I cut the overall length down to 130 cm and even there it is 130Mhz….
I’m using a 300 Ohm ladder. Made the antenna with a velocity factor of 0.96.
That’s a super weird issue!
I asked ChatGPT, because it’s been a while since you posted, it came up with some obvious reasons that aren’t the answer (like the length you change!) but some of these may be pointers of things you can try:
ChatGPT:
It seems like you’re experiencing an issue where your antenna is only resonant at 130MHz, even though you’ve cut it down to 130cm and used a 300 Ohm ladder line with a velocity factor of 0.96. Here are a few things that might be causing this:
Incorrect Length: The length of the antenna is crucial for its resonant frequency. If the antenna is too long or too short, it may not resonate at the desired frequency12. The formula for calculating the length of a dipole antenna is L = 468 / f (where L is the length in feet and f is the frequency in MHz)3. However, this formula assumes a velocity factor of 1.0. Since you’re using a velocity factor of 0.96, you should adjust the formula accordingly4.
Impedance Mismatch: The impedance of the antenna should match the impedance of the transmission line for maximum power transfer. If there’s a mismatch, it can cause high SWR readings12.
Surrounding Environment: The environment around the antenna can also affect its resonant frequency. Nearby objects, the ground, and even the weather can have an impact2.
Feedline and Choke: The feedline and choke can also affect the antenna’s performance. If the choke is inadequate, it can cause unstable SWR readings4.
Velocity Factor: The velocity factor you’re using (0.96) is typically for bare copper or bare aluminium. If you’re using a 300 Ohm ladder line, you might need to adjust it to around 0.94.
Remember, these are just potential issues. You might need to experiment with different lengths, check your connections, and consider your environment to find the optimal setup for your antenna. If you have an antenna analyzer, it can be a great tool to help you tune your antenna12. Good luck!
Hi All,
Having constructed the “Slim Jim” antenna from 300 Ohm ladder feeder and tuned it for a centre frequency of approx 400 MHz , I found it works perfectly well if strung up in free space.
I wanted to house the antenna in some 20mm plastic electrical conduit or similar and having tried this I found the SWR goes from 1.1-1 in free space to approx 3.0-1 in the tube ,
I am curious to know if anyone else has tried this and what was the workaround ?
Thanks
Hi Steve!
I didn’t know so I just asked ChatGTP:
Placing an antenna inside a plastic pipe can indeed affect the Standing Wave Ratio (SWR). Here are some reasons why:
Material and Thickness of the Pipe: The type of plastic used in the pipe can impact the antenna’s performance1. For instance, lower psi white PVC has the least effect on RF, while gray PVC is not good for RF1. The thickness of the pipe also plays a role.
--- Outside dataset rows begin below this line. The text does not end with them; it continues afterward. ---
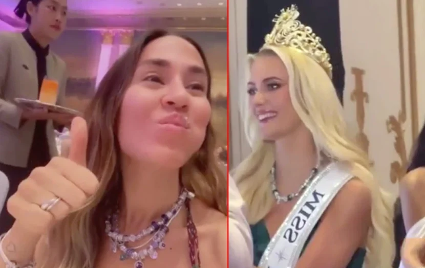 En ese raid, Jimena se encontró en un evento a una personalidad muy llamativa: la Miss Universo 20224. Se trata de una danesa, de 21 años, que ingresó al mismo recinto en el que estaba cenando. Rápida de reflejos la filmó con su celular y se mostró muy graciosa al expresar: “¡Ahí está la Miss Universo! Miren lo que es, wow”.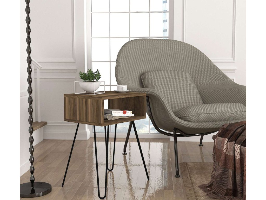 Stolek vyniká svým ořechovým designem a obdélníkovým tvarem, který je nejen praktický, ale i esteticky atraktivní. Díky odkládací polici poskytuje dostatek úložného prostoru pro vaše knihy, časopisy nebo dekorace. Kombinace LTD materiálu o tloušťce 18 mm a kovu zajišťuje pevnost a dlouhou životnost tohoto stolku.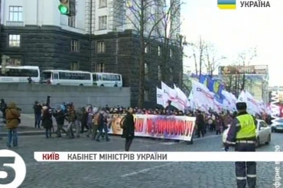 Близько п’яти сотень людей вимагають відновити підготовку до підписання Угоди про асоціацію та відставки уряду Миколи Азарова. Люди тримають в руках прапори опозиційних партій. Правоохоронців же, які пильнують порядок у кілька разів більше, ніж самих активістів. Перед присутніми вже виступили лідери опозиції. Вони наголосили, що акція мирна і попросили людей не піддаватись на провокації. Далі рушили до будівлі уряду. Втім їх усередину не пустили.

Thicker pipes like Schedule 40 and Schedule 80 PVC can affect the signal more than thinner pipes like 200 psi pipe2.
Velocity Factor: When an antenna that works fine in open air is put into a PVC pipe, there’s a velocity factor to consider1. The antenna might need to be shortened to about 68% of its open-air length1.
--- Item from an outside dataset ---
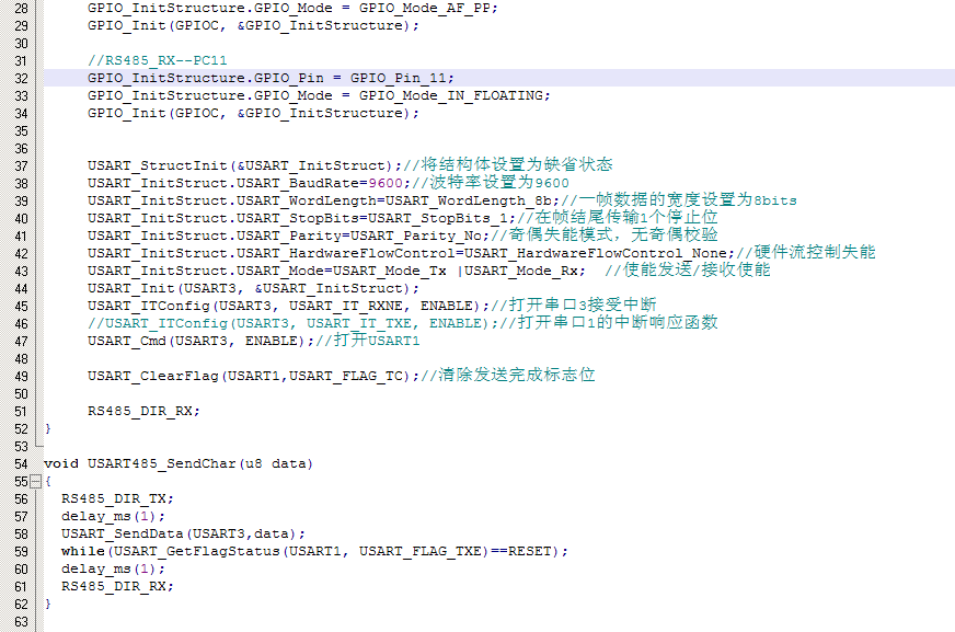USART_InitStruct.USART_HardwareFlowControl=USART_HardwareFlowControl_None;//硬件流控制失能

Physical Structure: A quarter-wave piece of PVC, mounted vertically, will not be rigid and may break unless it is pulled up by a support3.
Antenna Design: Some antennas are specifically designed to be installed inside PVC pipes and are tuned for that thickness of pipe1. Using the wrong type of PVC or putting an antenna not designed for PVC use can lead to poor results1.
Remember, these effects can vary based on the specific antenna design and the exact type of plastic pipe used. It’s always a good idea to test the antenna’s performance after installation to ensure it’s operating as expected.
Hi Pete. I have an old g5rv antenna. I’ll use the ladder line out of that. It has a ladder line to pl250 moulded plug on the end of the ladder line. Can I use that to instead of soldering a bit of coax to the feed point.?
Cheers Lee M7LCW
Hi Lee,
The coax has to be connected to the ladder line at a specific point, not on the end – see diagram above. I guess you could try it at the end, but check the SWR reading before transmitting as it may be off.